--- Instructions for the task ---
Reproduce the data that follows character for character, but omit its pictures.

--- Raw data ---
☆ ☆ ☆ ☆ ☆

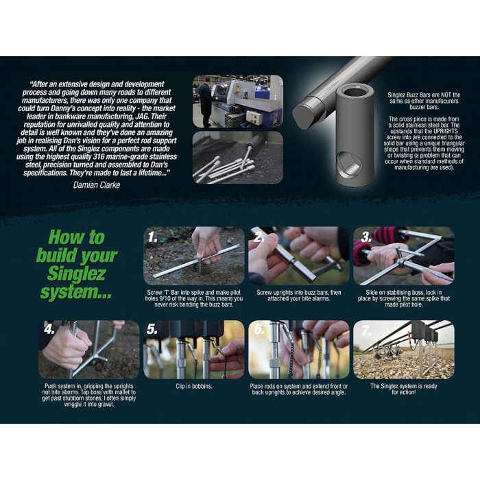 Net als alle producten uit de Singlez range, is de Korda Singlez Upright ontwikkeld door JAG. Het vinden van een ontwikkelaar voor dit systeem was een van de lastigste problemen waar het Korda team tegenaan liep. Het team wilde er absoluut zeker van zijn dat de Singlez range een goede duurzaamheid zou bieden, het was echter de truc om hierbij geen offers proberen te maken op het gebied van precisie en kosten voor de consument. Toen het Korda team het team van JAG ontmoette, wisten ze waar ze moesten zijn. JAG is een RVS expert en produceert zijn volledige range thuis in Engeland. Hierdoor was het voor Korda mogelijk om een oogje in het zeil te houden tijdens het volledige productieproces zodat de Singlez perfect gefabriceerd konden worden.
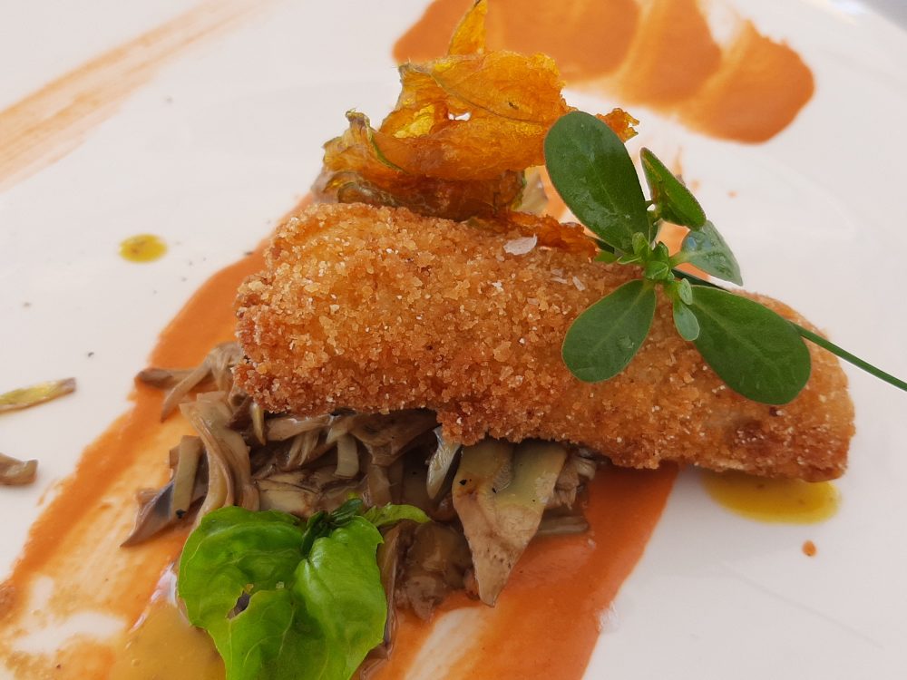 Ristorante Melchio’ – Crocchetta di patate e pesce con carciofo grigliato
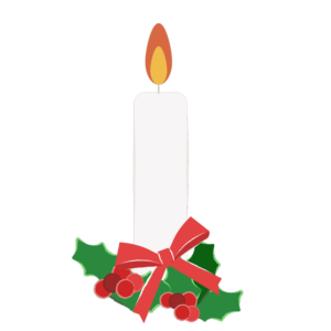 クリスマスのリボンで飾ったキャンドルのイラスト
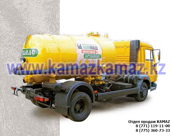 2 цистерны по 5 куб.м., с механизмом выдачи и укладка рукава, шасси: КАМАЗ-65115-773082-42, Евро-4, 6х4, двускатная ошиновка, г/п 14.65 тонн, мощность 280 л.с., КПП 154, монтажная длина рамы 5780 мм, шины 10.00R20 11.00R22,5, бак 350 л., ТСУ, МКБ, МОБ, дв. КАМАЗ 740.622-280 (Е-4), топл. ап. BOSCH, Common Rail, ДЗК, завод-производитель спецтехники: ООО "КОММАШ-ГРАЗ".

☆ ☆ ☆ ☆ ☆

--- Answer section ---
 Net als alle producten uit de Singlez range, is de Korda Singlez Upright ontwikkeld door JAG. Het vinden van een ontwikkelaar voor dit systeem was een van de lastigste problemen waar het Korda team tegenaan liep. Het team wilde er absoluut zeker van zijn dat de Singlez range een goede duurzaamheid zou bieden, het was echter de truc om hierbij geen offers proberen te maken op het gebied van precisie en kosten voor de consument. Toen het Korda team het team van JAG ontmoette, wisten ze waar ze moesten zijn. JAG is een RVS expert en produceert zijn volledige range thuis in Engeland. Hierdoor was het voor Korda mogelijk om een oogje in het zeil te houden tijdens het volledige productieproces zodat de Singlez perfect gefabriceerd konden worden.
 Ristorante Melchio’ – Crocchetta di patate e pesce con carciofo grigliato
 クリスマスのリボンで飾ったキャンドルのイラスト
 2 цистерны по 5 куб.м., с механизмом выдачи и укладка рукава, шасси: КАМАЗ-65115-773082-42, Евро-4, 6х4, двускатная ошиновка, г/п 14.65 тонн, мощность 280 л.с., КПП 154, монтажная длина рамы 5780 мм, шины 10.00R20 11.00R22,5, бак 350 л., ТСУ, МКБ, МОБ, дв. КАМАЗ 740.622-280 (Е-4), топл. ап. BOSCH, Common Rail, ДЗК, завод-производитель спецтехники: ООО "КОММАШ-ГРАЗ".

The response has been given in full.